**Required action**
Would you repeat the listing exactly, without any of its images?

**Given records**
◇ ◇ ◇
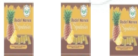
Gambar 8. Stiker untuk pembungkus dodol Adapun rancangan packaging yang dibuat adalah dalam beberapa kemasan, yakni sebagai berikut;

Adapun nama/label produk yang dibuat dalam pengolahan dodol nanas adalah “Dodol Nanas Sipahutar”. Label akan dibuat dalam bentuk stiker yang akan di tempelkan dalam kemasan, baik kemasan pembungkus dodol maupun di packaging ;
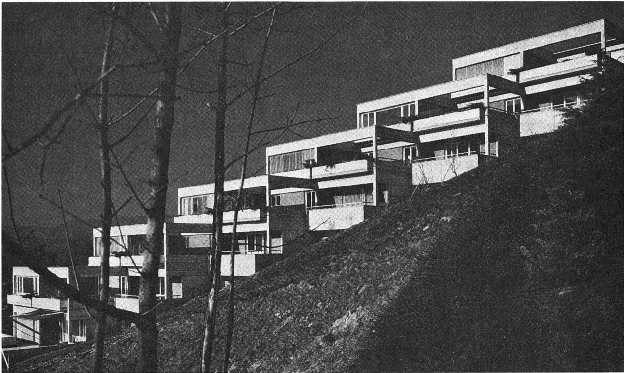
«Im Himmelrich», Baar
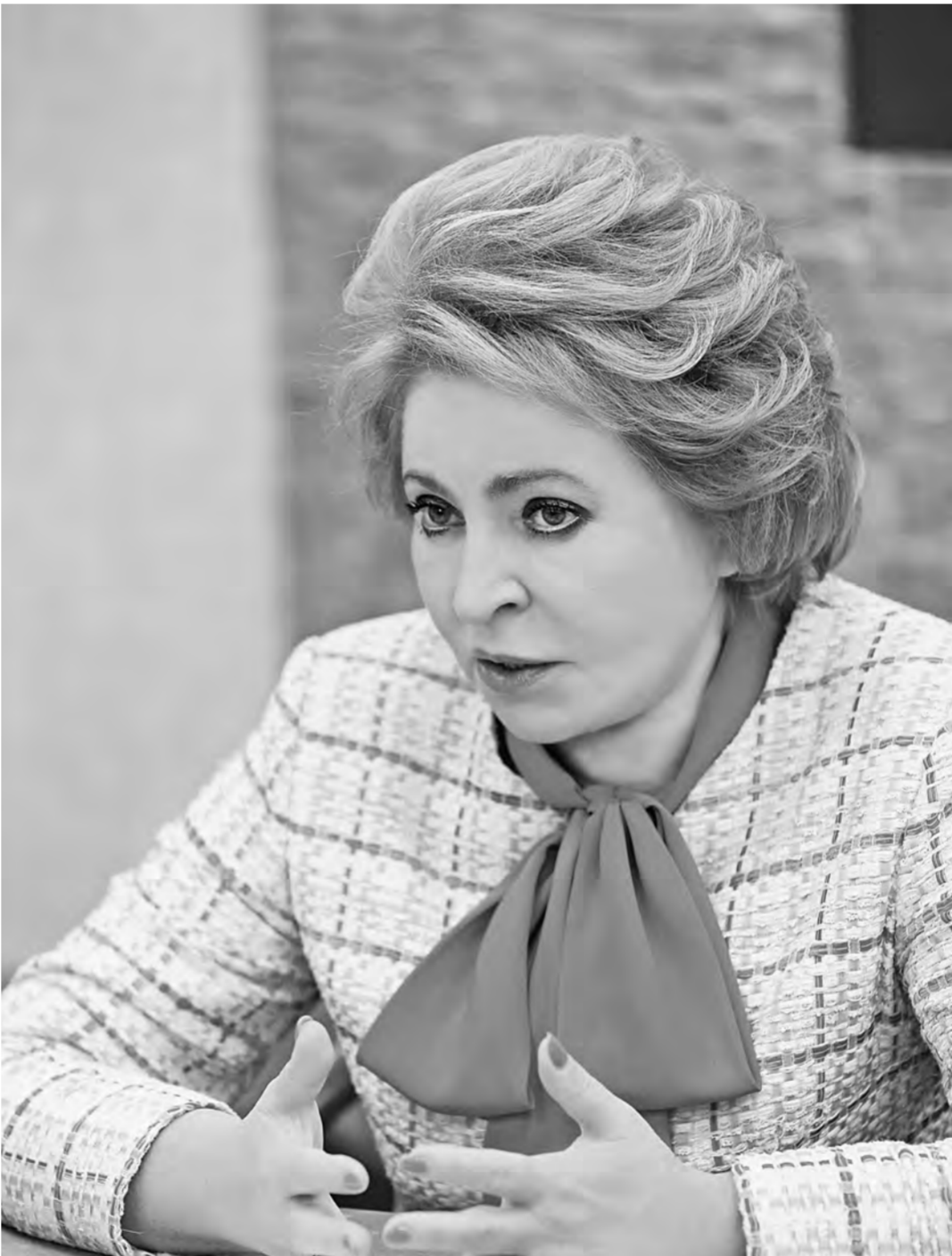
Валентина Матвиенко: Убедительная победа «Единой России» отражает реальное настроение общества.
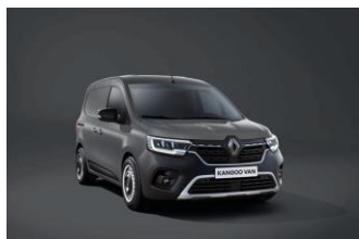
URBAN GRÅ (KPW)
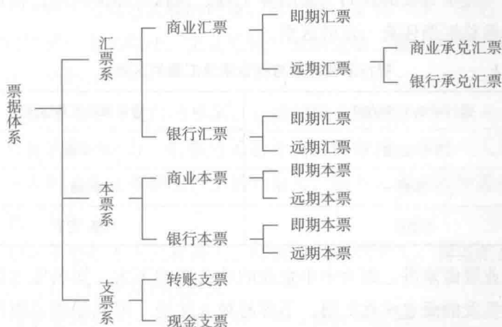
图 1-6 票据体系

票据的种类很多，一般是指三种，即汇票、本票、支票。从期限来看，可以分为即期票据和远期票据；从出票人来看，可以分为银行汇票和商业汇票，由此可以派生出一个票据图系。
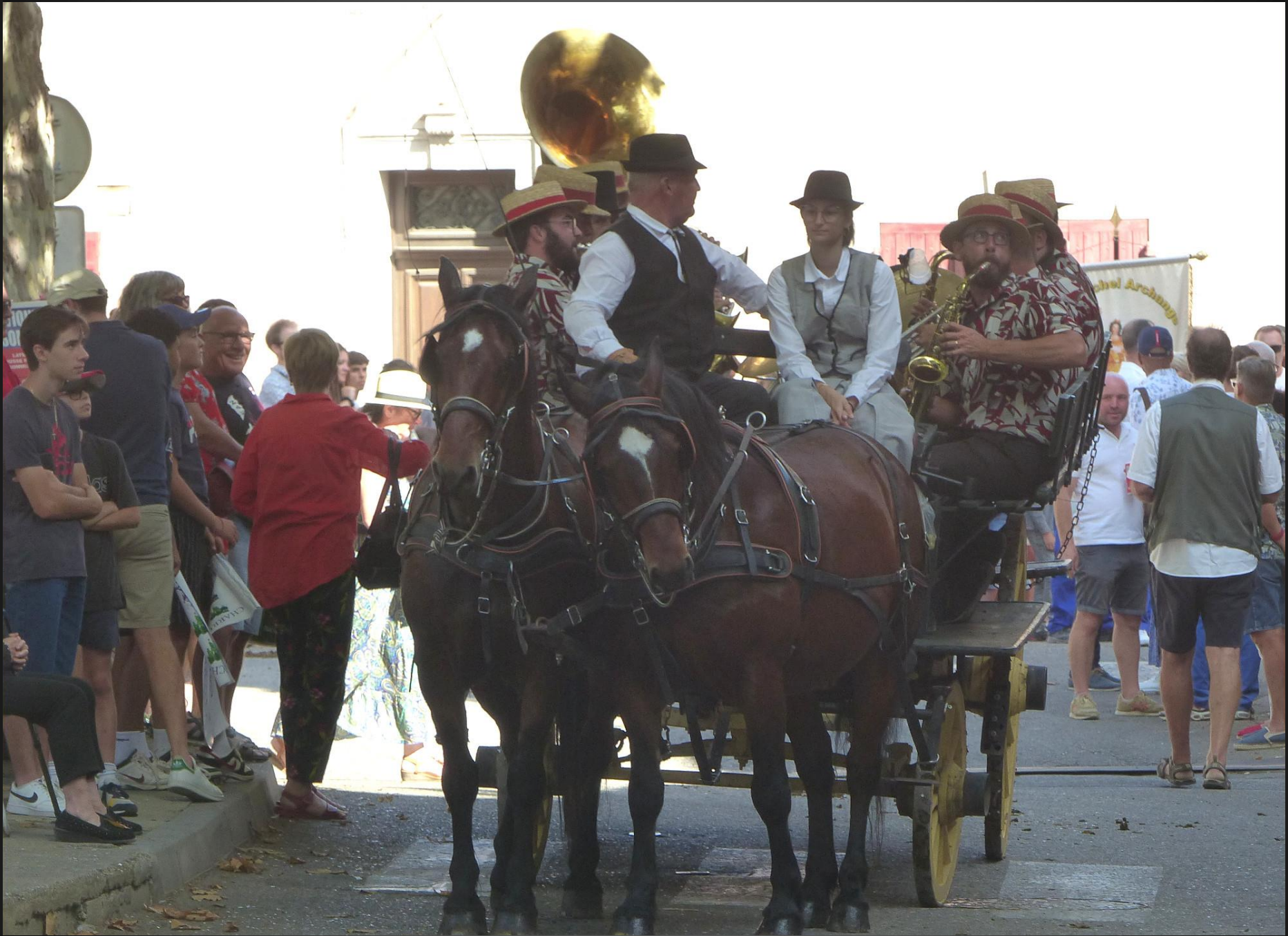
CABANNES _ La charrette de la fanfare est toujours présente dans les fêtes à charrette.
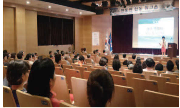
2014. 8. 12 지역현안문제 해결방안 및 글로벌 명품 연동만들기 합동 워크숍
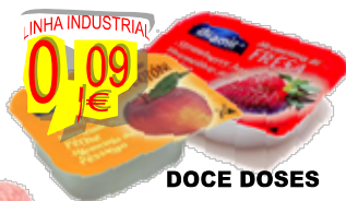
DOCE DOSES DIAMIR Cx.144 un. 17309-PÊSSEGO, 17342-MORANGO
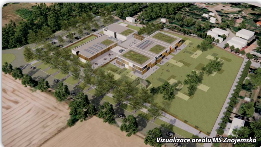
Vizualizace areálu MŠ Znojemská
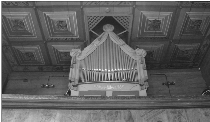
Fot. 2. Prospekt organowy w kościele pw. św. Wojciecha i Matki Bożej Bolesnej w Modlnicy, stan obecny
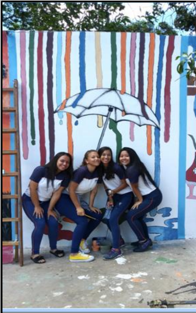
Alunas com o trabalho concluído
◇ ◇ ◇
**Exercise response**
Gambar 8. Stiker untuk pembungkus dodol Adapun rancangan packaging yang dibuat adalah dalam beberapa kemasan, yakni sebagai berikut;

Adapun nama/label produk yang dibuat dalam pengolahan dodol nanas adalah “Dodol Nanas Sipahutar”. Label akan dibuat dalam bentuk stiker yang akan di tempelkan dalam kemasan, baik kemasan pembungkus dodol maupun di packaging ;
«Im Himmelrich», Baar
Валентина Матвиенко: Убедительная победа «Единой России» отражает реальное настроение общества.
URBAN GRÅ (KPW)
图 1-6 票据体系

票据的种类很多，一般是指三种，即汇票、本票、支票。从期限来看，可以分为即期票据和远期票据；从出票人来看，可以分为银行汇票和商业汇票，由此可以派生出一个票据图系。
CABANNES _ La charrette de la fanfare est toujours présente dans les fêtes à charrette.
2014. 8. 12 지역현안문제 해결방안 및 글로벌 명품 연동만들기 합동 워크숍
DOCE DOSES DIAMIR Cx.144 un. 17309-PÊSSEGO, 17342-MORANGO
Vizualizace areálu MŠ Znojemská
Fot. 2. Prospekt organowy w kościele pw. św. Wojciecha i Matki Bożej Bolesnej w Modlnicy, stan obecny
Alunas com o trabalho concluído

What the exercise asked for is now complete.